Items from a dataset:
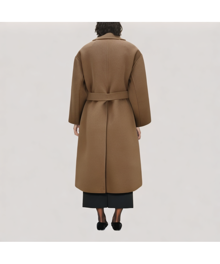 The coat is thoughtfully tailored, with smooth lines and perfectly designed shoulders and waist, creating a relaxed yet refined silhouette. Its classic long design makes it easy to style for work, casual outings, or special occasions.
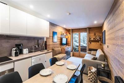4,5"Odalys Essentielle Le Hameau du Mottaret", 2-Zimmer-Wohnung 30 m2. Zweckmässig eingerichtet: Wohn-/Schlafzimmer mit 2 Betten, Esstisch und TV. 1 Zimmer mit 3 Schlafmöglichkeiten. Kochnische (2 Kochplatten, Geschirrspüler, Wasserkocher, Mikrowelle,
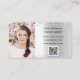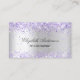 Ein Imitat silber aussehender Hintergrund. Mit violetten, lavenfarbenen Imitaten dekoriert, Glitzer Staub. Personalisieren und fügen Sie Ihren Namen und einen Text auf der Vorderseite. Zurück: Vorlagen für Ihr eigenes Foto, Name, Titel, Telefonnummer und Ihren eigenen QR-Code.
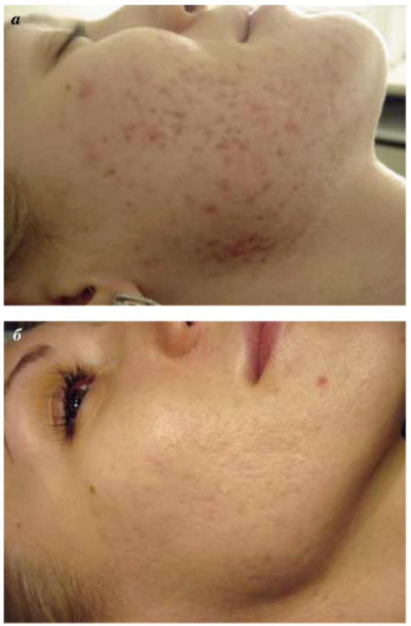 Photo 7. Patient A., 35 years old, acne vulgaris: cheek area before correction of atrophic changes in the skin (a); after 7 sessions of administration of COLLOST® gel 7 % (b)
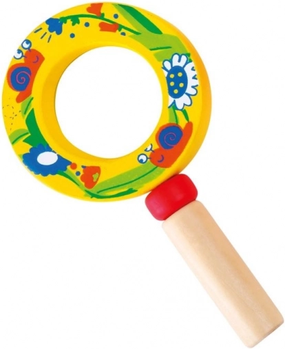 Ta wysokiej jakości lupa dla dzieci łączy solidną drewnianą rączkę i lekki plastikowy element soczewki, aby była bezpieczna i wygodna dla małych rąk. Radosne ilustracje owadów i kwiatów motywują dzieci do odkrywania detali otaczającego świata – od kwiatów po małe robaczki.
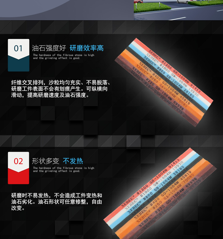 1、采用最適合研磨的結(jié)晶結(jié)構(gòu),使研磨功效比傳統(tǒng)油石有非常大的提高。
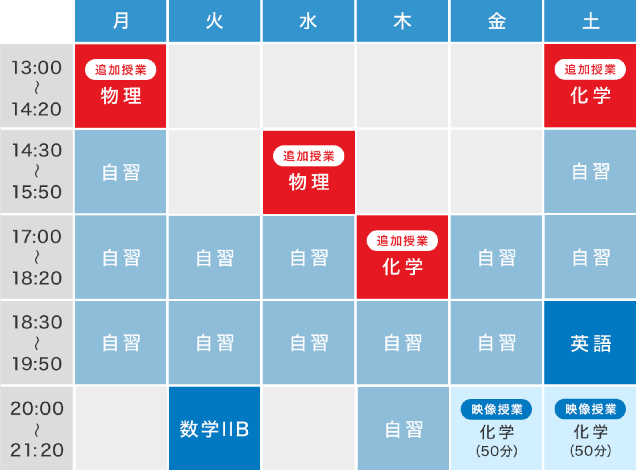 POINT 通常授業以外にも、追加受講をすることができるので、定期テストや受験本番に向けて、通常受講科目以外の対策も行えます。
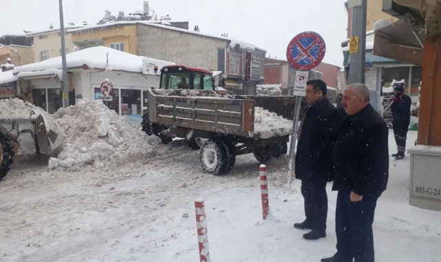 Yoğun kar yağışının ardından belediye ekipleri ilçe merkezindeki cadde ve sokaklarda kar temizleme çalışmalarına aralıksız devam ediyor.
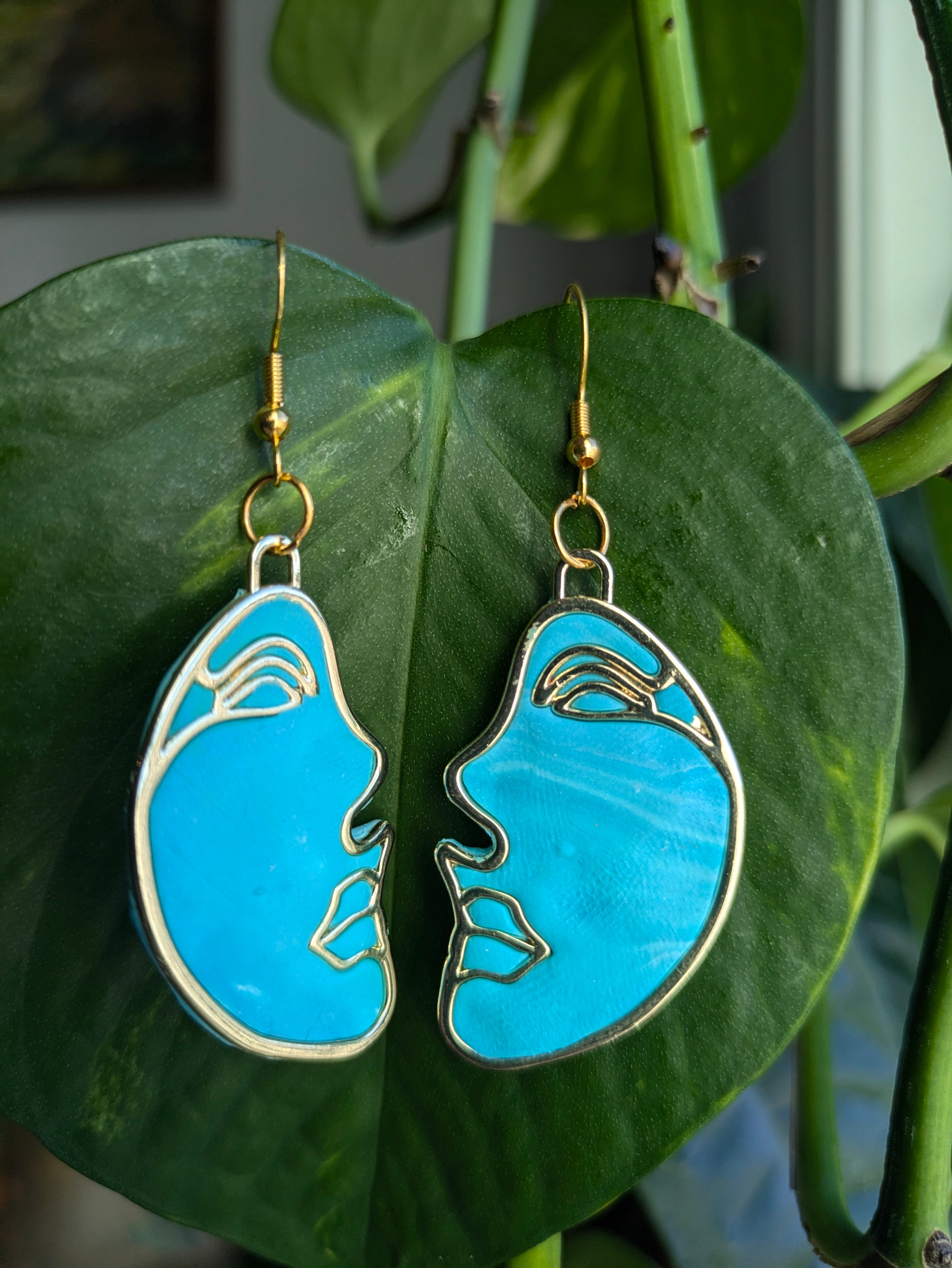 Gold plated stainless steel embedded on teal polymer clay with gold plated stainless steel hooks.
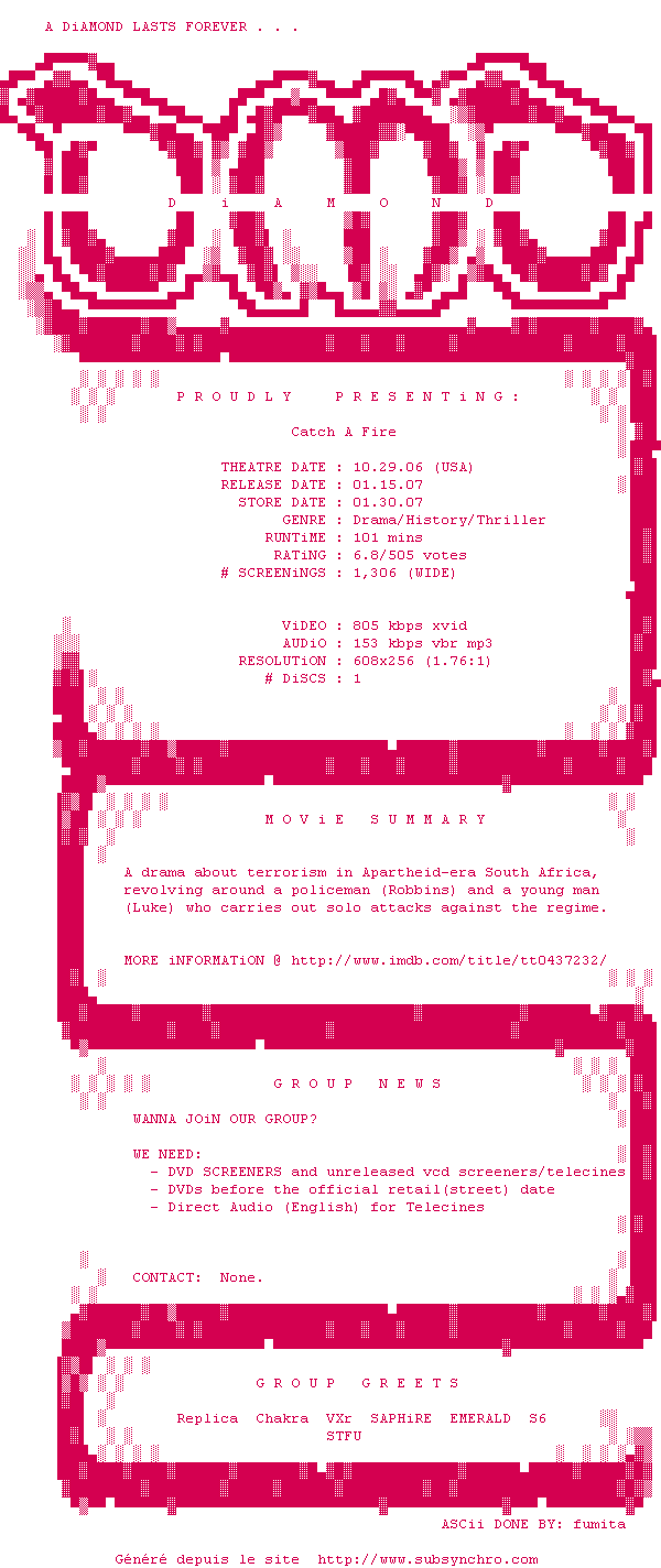 | Voir le nfo de la release Catch.A.Fire.DVDRip.XviD-DiAMOND | DiAMOND | Catch.A.Fire.DVDRip.XviD-DiAMOND OpenSubtitles | 0 fichier | ||

**WHAT TO WORK ON**
When you reproduce the entries above, keep every word exactly and leave out each picture.

**ANSWER SPACE**
 The coat is thoughtfully tailored, with smooth lines and perfectly designed shoulders and waist, creating a relaxed yet refined silhouette. Its classic long design makes it easy to style for work, casual outings, or special occasions.
4,5"Odalys Essentielle Le Hameau du Mottaret", 2-Zimmer-Wohnung 30 m2. Zweckmässig eingerichtet: Wohn-/Schlafzimmer mit 2 Betten, Esstisch und TV. 1 Zimmer mit 3 Schlafmöglichkeiten. Kochnische (2 Kochplatten, Geschirrspüler, Wasserkocher, Mikrowelle,
 Ein Imitat silber aussehender Hintergrund. Mit violetten, lavenfarbenen Imitaten dekoriert, Glitzer Staub. Personalisieren und fügen Sie Ihren Namen und einen Text auf der Vorderseite. Zurück: Vorlagen für Ihr eigenes Foto, Name, Titel, Telefonnummer und Ihren eigenen QR-Code.
 Photo 7. Patient A., 35 years old, acne vulgaris: cheek area before correction of atrophic changes in the skin (a); after 7 sessions of administration of COLLOST® gel 7 % (b)
 Ta wysokiej jakości lupa dla dzieci łączy solidną drewnianą rączkę i lekki plastikowy element soczewki, aby była bezpieczna i wygodna dla małych rąk. Radosne ilustracje owadów i kwiatów motywują dzieci do odkrywania detali otaczającego świata – od kwiatów po małe robaczki.
 1、采用最適合研磨的結(jié)晶結(jié)構(gòu),使研磨功效比傳統(tǒng)油石有非常大的提高。
 POINT 通常授業以外にも、追加受講をすることができるので、定期テストや受験本番に向けて、通常受講科目以外の対策も行えます。
 Yoğun kar yağışının ardından belediye ekipleri ilçe merkezindeki cadde ve sokaklarda kar temizleme çalışmalarına aralıksız devam ediyor.
 Gold plated stainless steel embedded on teal polymer clay with gold plated stainless steel hooks.
 | Voir le nfo de la release Catch.A.Fire.DVDRip.XviD-DiAMOND | DiAMOND | Catch.A.Fire.DVDRip.XviD-DiAMOND OpenSubtitles | 0 fichier | ||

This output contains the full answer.